Overview
Can leftover VRAM only be allocated at the GPU level in Kubernetes? I looked into how surplus resources could be assigned to other workloads.
Examples
- GPU spec: 32GB
- Workstation spec: 2 GPUs
- Persistent inference spec: 1 GPU, 12GB VRAM
- This leaves GPUs with 32GB and 20GB of spare VRAM. I wanted to allocate this surplus to other tasks and maximize GPU utilization.
HOWTO
Replica
If you can cap the number of pods and pre-calculate resource requirements, replicas let you limit overall resource allocation. e.g., min CPU 1, RAM 2GB; max CPU 2, RAM 4GB; up to 5 pods.
However, this only works for CPU and RAM — not for GPU.
Extended Resources
ref: Apply Extended Resources Kubernetes Extended Resources let you control how much VRAM each pod gets, so you can tune resources for training vs. serving pods.
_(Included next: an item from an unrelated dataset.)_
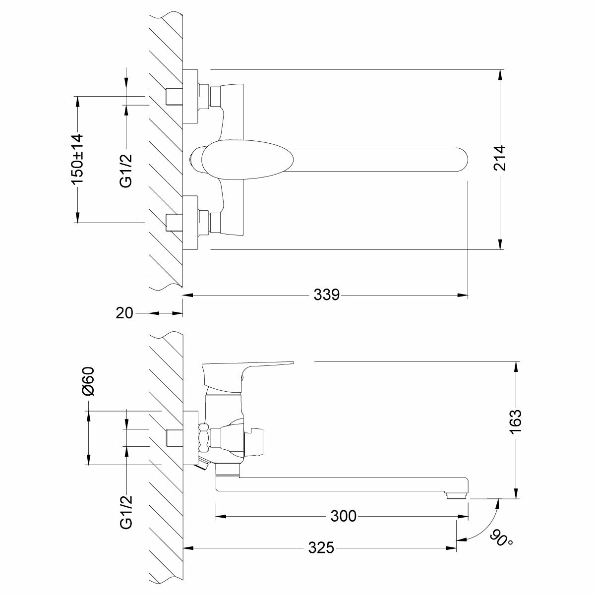 | Глубина конструкции | 339 мм (излив – 300 мм) |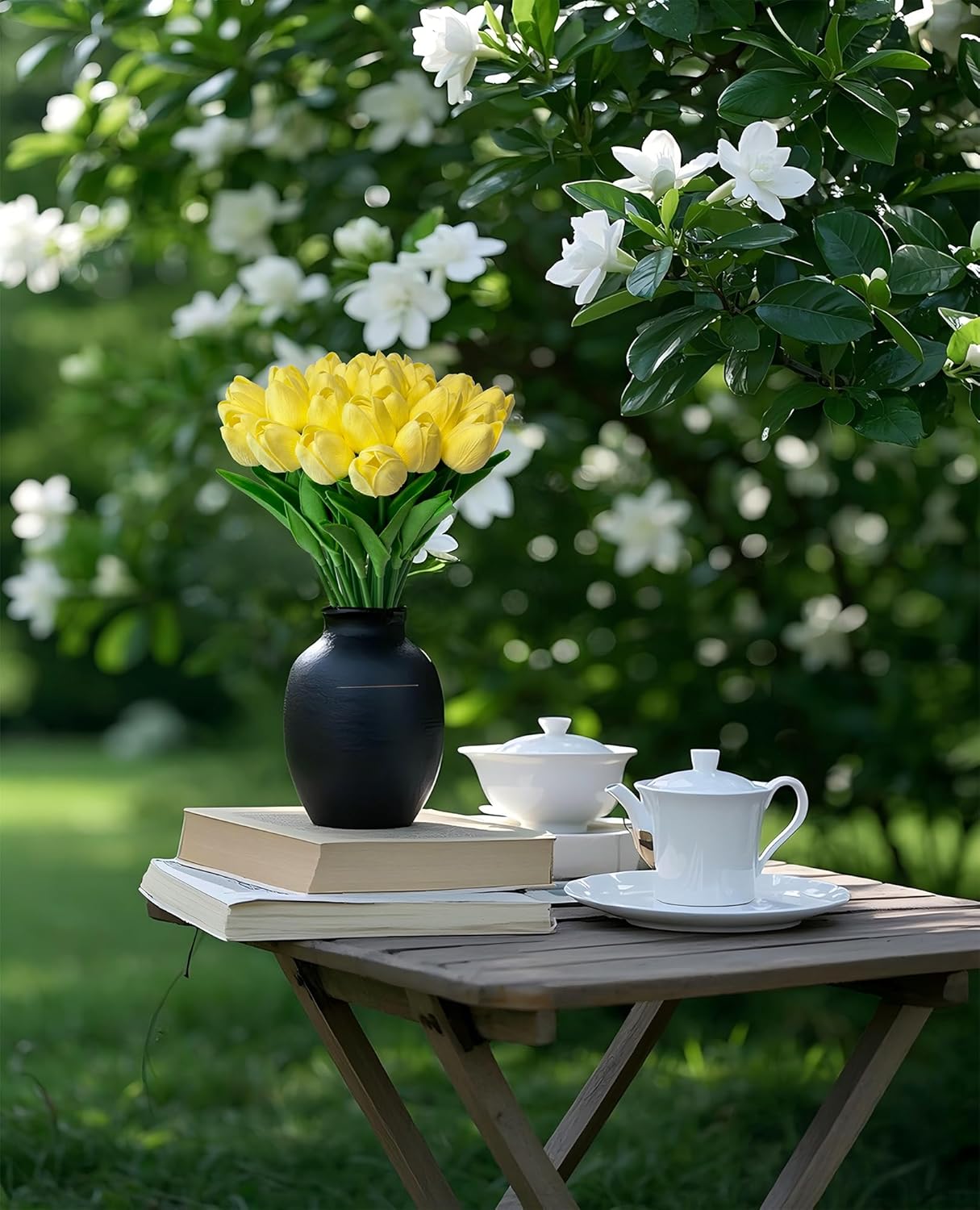 - MATERIAL: Our artificial tulips are made of plastic and polyurethane, which has a soft texture and a realistic touch. Inside the stem is durable wire that can be easily bent and cut to fit different vases as needed

The catch: if a container gobbles up all VRAM at runtime, there’s no way to detect it. You could spin up a sidecar container to monitor it, but that just adds more unnecessary resource usage.
GPU Virtualization
GPU virtualization is traditionally done through VMware, enabling fine-grained resource allocation on a single GPU. But virtualization support is limited to data-center-grade GPUs, and VMware is not free.
Conclusion
Kubernetes doesn’t natively support VRAM splitting. Extended Resources can allocate VRAM at pod creation time, but this doesn’t actually constrain the pod’s runtime VRAM usage.